Another shocker was the use of bone stock for calcium. Again, Usman’s mother was told to go to the market and buy discarded bones (that butchers usually sold at a significantly lower price to people who owned dogs) and cook well. The broth was what would be given to the children to drink as it was a rich source of calcium. Bone soup, if I may be so callous.
Eggs of course, are out of the question. It has been replaced by Tofu (awara) to be given to the child daily. Beef, chicken and lamb have since left the group chat.

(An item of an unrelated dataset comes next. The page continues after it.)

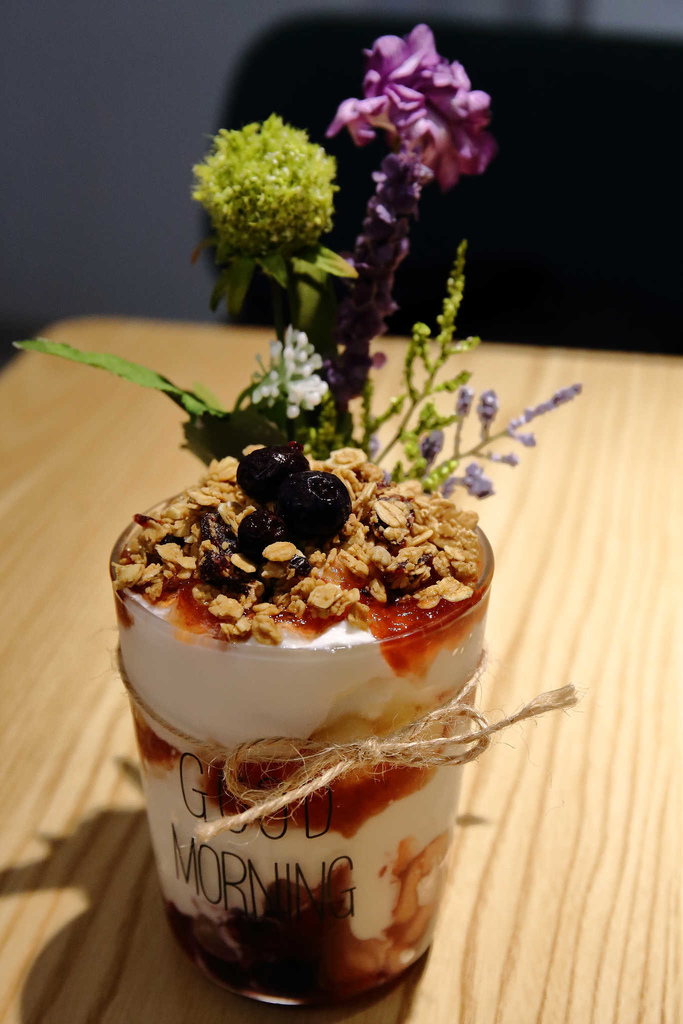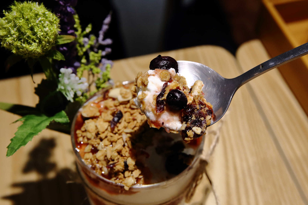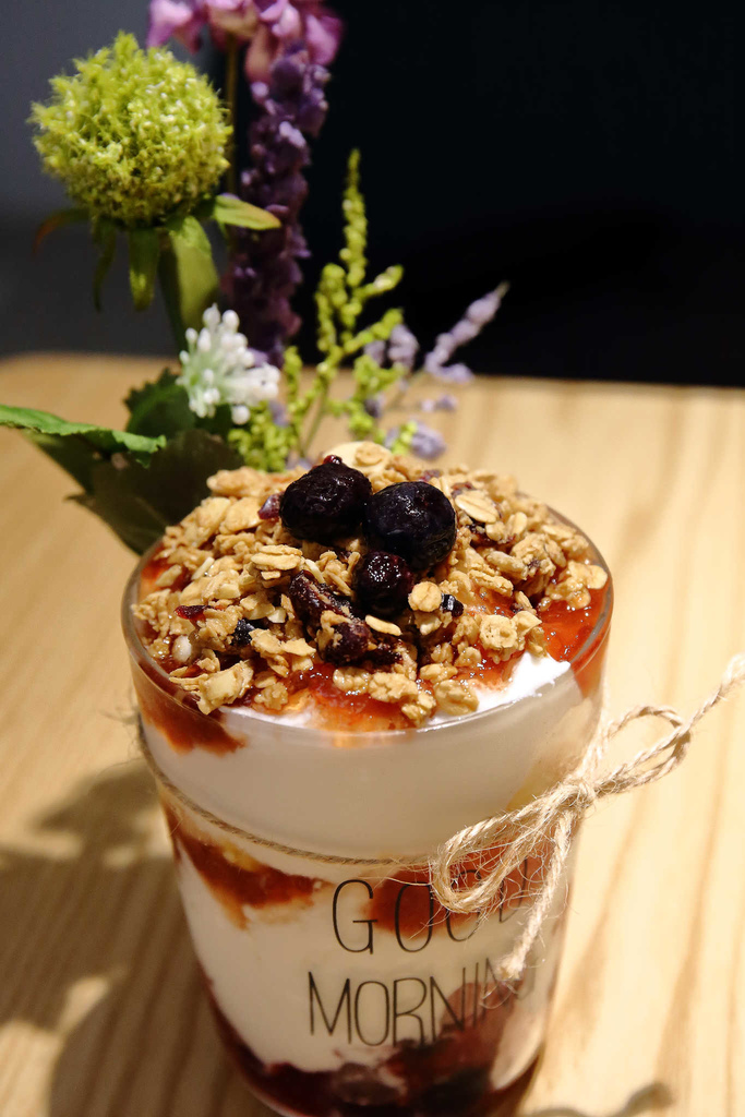 自製的低糖優格上鋪滿一層燕麥在草莓果醬上,不僅視覺上清新甜美,吃起來也有多種水果的自然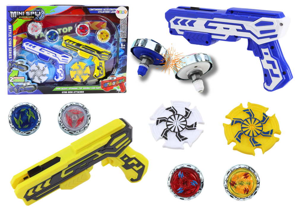 Przygotuj się na emocjonującą rywalizację dzięki zestawowi pistoletów wyrzutni w kolorze niebieskim oraz żółtym i czterech metalowych krążków! Ten wyjątkowy zestaw to świetna rozrywka dla dzieci, które lubią zabawę pełną akcji. Wystarczy załadować krążek do wyrzutni, wycelować i wystrzelić go w kierunku przeciwnika. Metalowe krążki kręcą się na arenie, zderzając się i rywalizując o zwycięstwo – wygrywa ten, który jako ostatni pozostanie w ruchu. Zestaw wyróżnia się trwałością i wytrzymałością: metalowe krążki są odporne na zderzenia, a pistolet wyrzutnia łatwy w obsłudze. Krążki posiadają efekty świetlne, które dostarczają jeszcze większych wrażeń podczas zabawy. To idealny prezent dla każdego, kto lubi rywalizację i świetną zabawę. Sprawdź, kto w Twojej rodzinie zostanie mistrzem areny!

What about fruits and vegetables, you say? Well, there is no more N50 or N100 worth of lettuce or any fruit slice for that matter, and so it has been cancelled. Instead, we preach eating locally available vegetables like spinach, Moringa (zogale), Ugwu leaves, Rama (Sesame leaves). For fruits, mangoes (the small inexpensive kind, plucked from trees), Malmo (water berries) Kanya (Jackalberry), Agbalumo etc will do the trick.
Far more alarming, however, is not the degree of malnutrition. Indeed, I have seen worse in villages; it is the sheer number of infants presenting to the clinics. Once upon a time, this type of malnutrition was limited to rural hospitals and IDP camps, now however, we are seeing them in urban hospitals and city centers.
Médecins Sans Frontières, also known as Doctors without Borders, commissioned an expansion of a 25-bed capacity Inpatient Therapeutic Feeding Centre in Unguwa Uku Primary Health Centre, Kano State. This is in addition to the previous 50-bed capacity operated in the centre. The MSF Therapeutic Feeding Programme is intended to reduce the mortality rate of severely malnourished individuals within the entire affected population, including children, adolescents, the elderly and adults. Every day, hundreds of women like Zainab flock to this hospital so that their children can access care.
The dedication of MSF is remarkable to note and at the same time, disheartening. Remarkable because of all the wonderful work they are doing and disheartening because like always, we are relying on foreign aid to feed our starving children because we are too poor to do so.
But are we really so poor?
Although, the presidency has kept mum about plans its plan to buy a new presidential jet, rumour has it that the government has already identified an aircraft for purchase, but is yet to finalise the deal as it is scrambling for funds to consummate the transaction. The identified aircraft is said to be a repossessed one recovered from a troubled oil sheikh who used the aeroplane as collateral for a loan he obtained from an unidentified German bank to buy it.
It is an open secret that the aircraft is now in the possession of one ‘L & L International LLC’ an American aviation firm based in Miami, Florida. The firm is trying to help the German bank sell it to the Nigerian government. The multi-engine prestige jet, which has an elaborate VIP configuration, is said to be worth $600 million. Nothing but the best for our presido! What is it the youngsters are calling it these days? Yes, steeze! Nigerians have steeze!
However, the Nigerian government is offering “a little over $100 million”; because, well, we don’t want to appear too extravagant. After all, there are children starving in Nigeria.
Like George Orwell wrote: All animals are equal, but some are more equal than others.
I agree: Poor people get grasshoppers, presidents get jets.